There was an odd tightness in his chest as he swerved around, arms extending to encompass the surprisingly small form of the silver weapon that dove towards him. It was hot against his chest, buzzing with devastating energy so eager to be released, but he felt chilled, detached. He was entirely aware of the danger of what he was approaching, yet also knew that there was no way to avoid it. He needed to do this—if he didn't, millions of the screaming human lives below him would be extinguished, and though he may be worth them, that didn't mean he would be able to exist with the knowledge of his own neglect afterwards.

Try to keep it open for me, would you? he shot towards Raziel as he burst past her. A brief glimpse of her sage-green stare, turned up towards him in horrified disbelief, clung to the back of his eyelids as he escalated, but he couldn't allow it to reach him properly.
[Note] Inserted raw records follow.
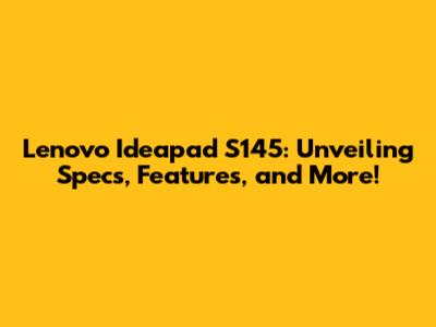Lenovo Ideapad S145: Specs, Features & What You Need To Know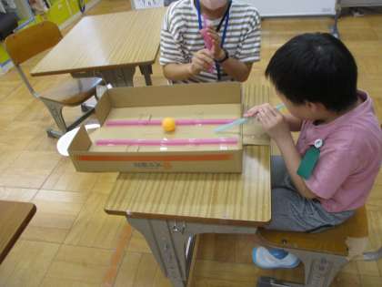 スキルタイムに ストローを使って『口のトレーニング』。「ふっ」と吹いてみたり,「ふう〜」と長めに吹いてみたり,声かけにあわせて吹き方を変えてやりました。ピンポン玉がお皿に入った時の笑顔は最高でした。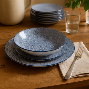 Elegantní jídelní sada 18 dílů z kvalitního porcelánu s jemným japonským motivem v modré barvě.
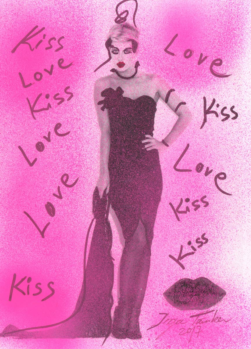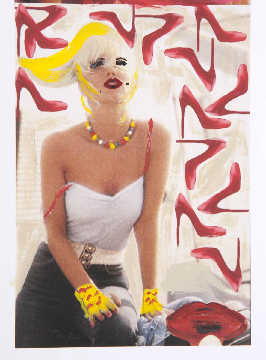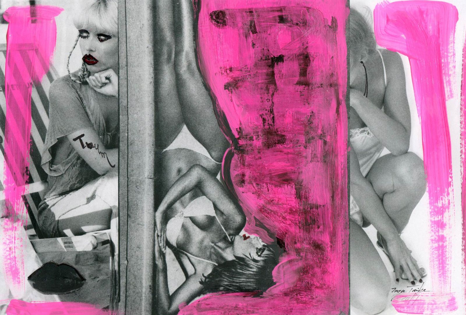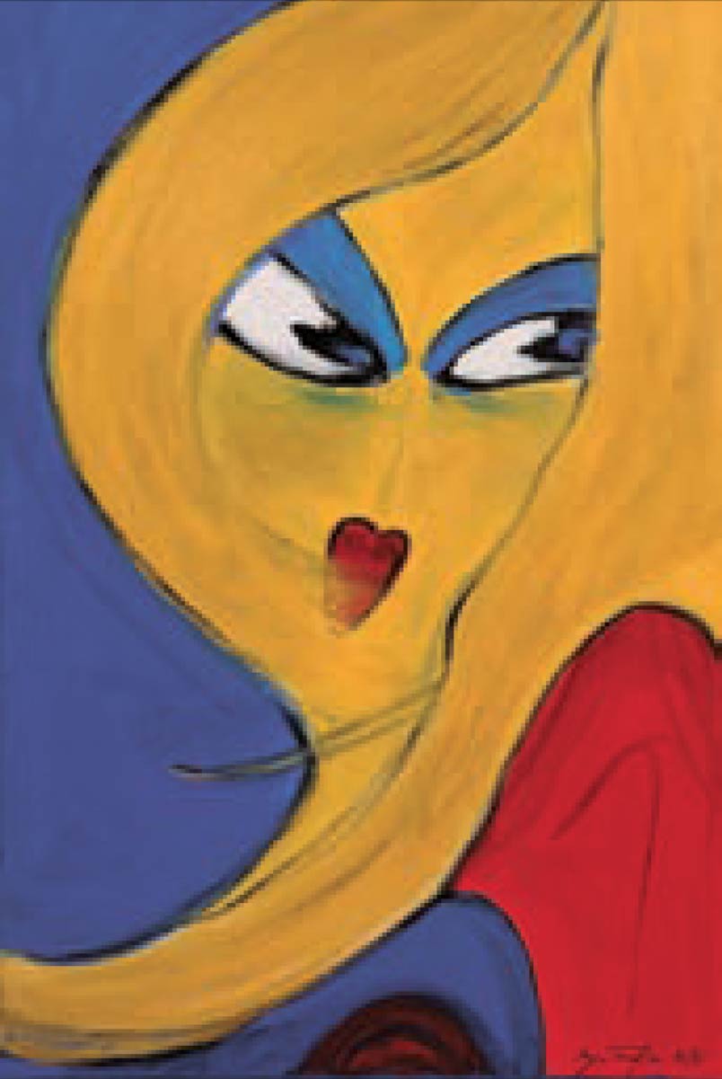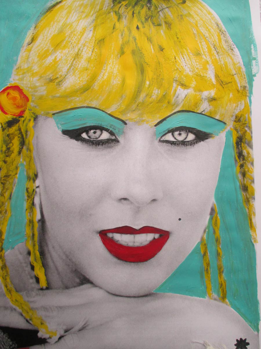 Alle Love 2024 Wilde Col­la­gen Moderne Über­la­ge­run­gen Blau Rot Gelb Expres­si­ve Ladies Por­traits im Auftrag Schwarz­weiss Schwarz­weiss-Redpink Taschen­bil­der
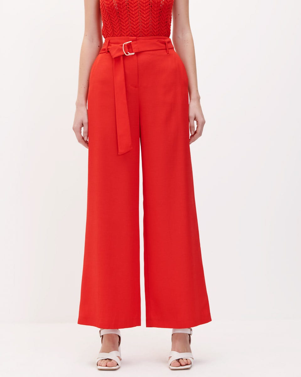 Pantalón Palazzo Rojo Tiro Alto De Lino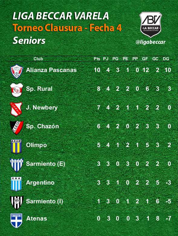 Alianza Pascanas lidera el Torneo Clausura “Román Pedro Berardi” con su victoria sobre Atenas. Sportivo Chazón superó a Argentino, Olimpo con Sportivo Rural y Sarmiento (E) ante Jorge Newbery terminaron igualados.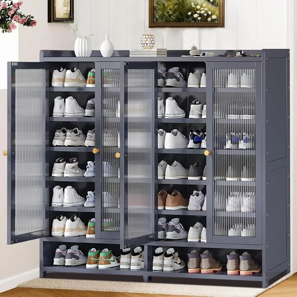 【Storage Assistant】The shoe rack with six closeable compartments, one top platform, and one open compartment enable multi-function storage, allowing you to quickly put on and take off shoes and store them in the open compartment. Multi layer storage allows you to categorize shoes for a neat lifestyle.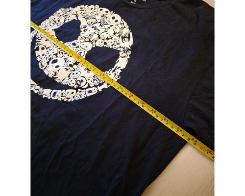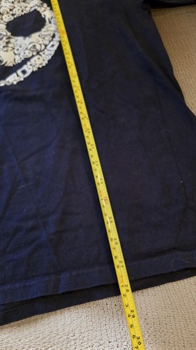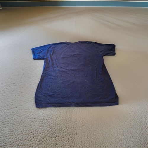There are no rips, tears or stains. Due to lighting, tshirt looks blue in pictures. It is actually a black tshirt.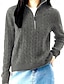 Női Pulóver Divat Alap Alkalmi Tiszta szín Bordázott Fél cipzár Cipzár Kötött Hosszú ujj Normál felsők Kötött Szabadtéri Napi Hétvége Bézs Ősz Tél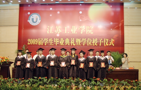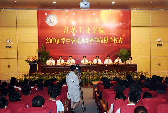 6月24日下午,我校2009届本科生毕业典礼暨学士学位授予仪式在武进校区文彰楼报告厅隆重举行。校领导王雪峰、陈志刚、左健民、孙小强、王凯全、蒋必彪、陈奎庆、王卫星出席典礼。各二级学院院长、部分职能部门负责人、2009届毕业生代表和学生家长代表300余人参加了典礼。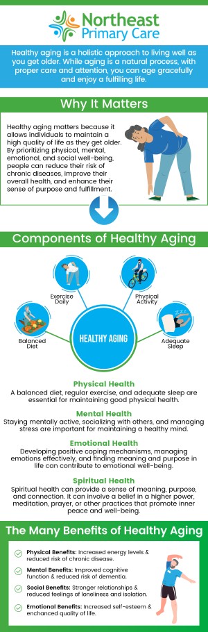 At Northeast Primary Care, we believe in a comprehensive, patient-centered approach to healthcare and understand the complexities of aging. Our dedicated team is committed to assisting patients as they navigate through this natural process, providing education and support along the way.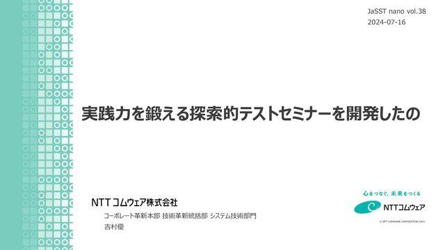 ©︎ NTT COMWARE CORPORATION 2024 コーポレート革新本部 技術革新統括部 システム技術部門 吉村優 実践力を鍛える探索的テストセミナーを開発したの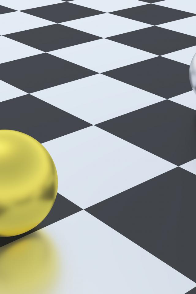 Wallpaper Silver and gold ball on a chessboard 3d graphics

The portal, glowing deep crimson, was closer and closer with every passing instant, and the bomb was humming below him—and then, all at once, he was through it, and every last trace of frost that had before found a root inside of his chest was now entirely vaporized, replaced by such an intense surge of fire that he couldn't manage to draw his flimsy lungs into any sort of breath.
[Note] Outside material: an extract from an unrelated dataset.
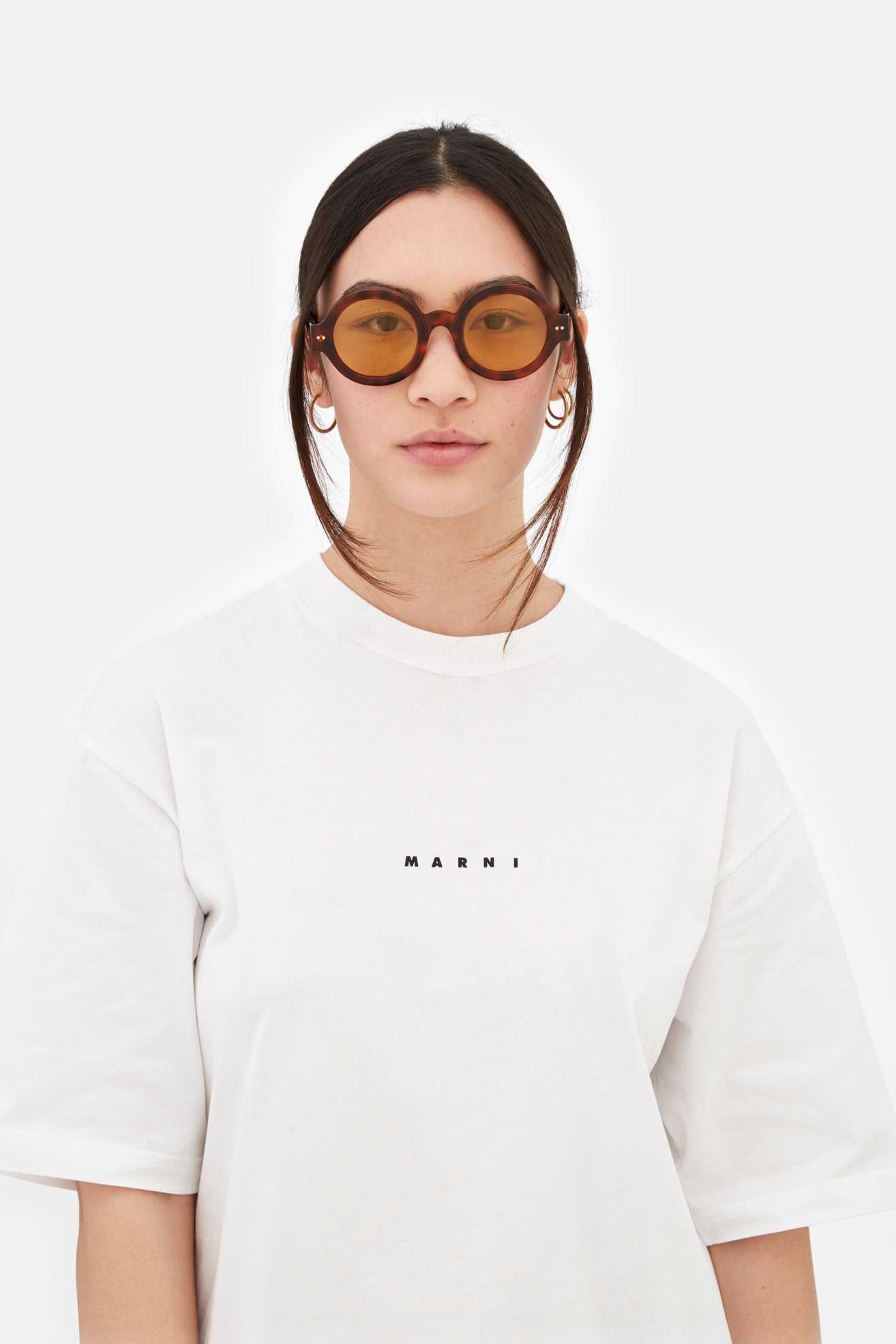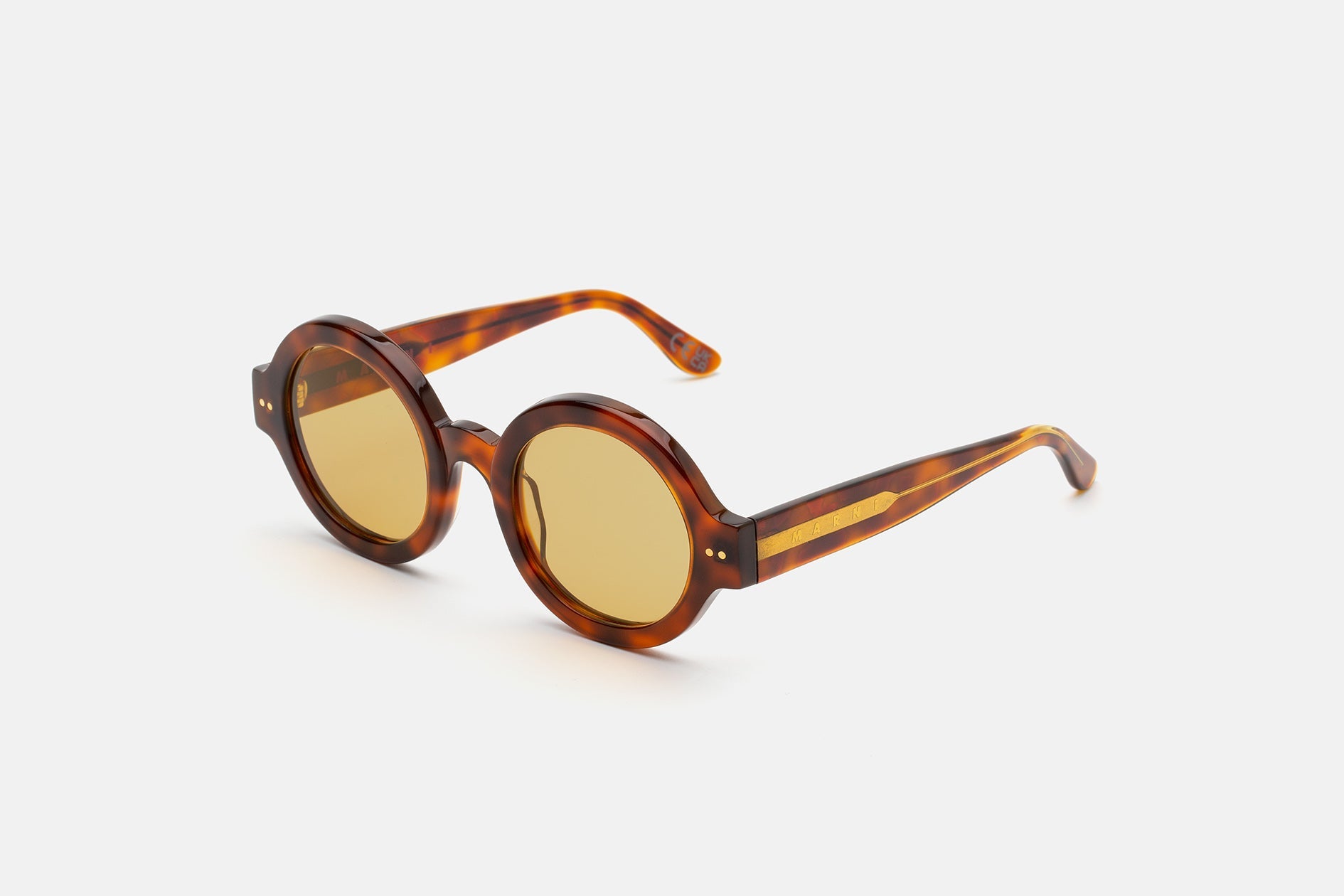 Designed exclusively for Marni, Nakagin Tower is a playful silhouette that praises the historical round shape. The model features rounded lenses encased within thick rims with a curved nose-bridge and sturdy temples. A modernist icon revisited for a fresher, more contemporary aesthetics. This version is available in a warm Havana acetate with mustard tinted lenses.

Hell was aflame. The screams and howls of demons deafened him until he couldn't remember what anything else sounded like, and his skin was near boiling with the pressure of the roaring fire that shone despicable scarlet in every direction for as far as he could see. Shadows extended too far, and the wails of the damned interwove with those of the demons, so that he could sense nothing but pure, blazing horror, the epitome of evil twisting inside of his body until it was all he could imagine, all he could comprehend. He didn't feel the bomb slip from his arms, didn't hear the shuddering bang as it exploded upon coasting to the brimstone-cracked ground, invisible below the mess of chained, writhing, bloody bodies that twisted and thrashed upon it. The heat, the heat was everywhere, and his wings—

His wings—

The metal was smoking. He could feel the loosening of all the carefully constructed gears and plates and screws even as a haze began to settle over his mind, and then some part of him knew that he was on the verge of falling—whether back to Earth or farther yet into the recesses of this terrifying dimension, he had no idea. All of his thoughts were departing in a scarlet mist, and the last thing he felt was the bracing, trembling realization that he, Gabriel, one of God's archangels, had at last been confronted with his end.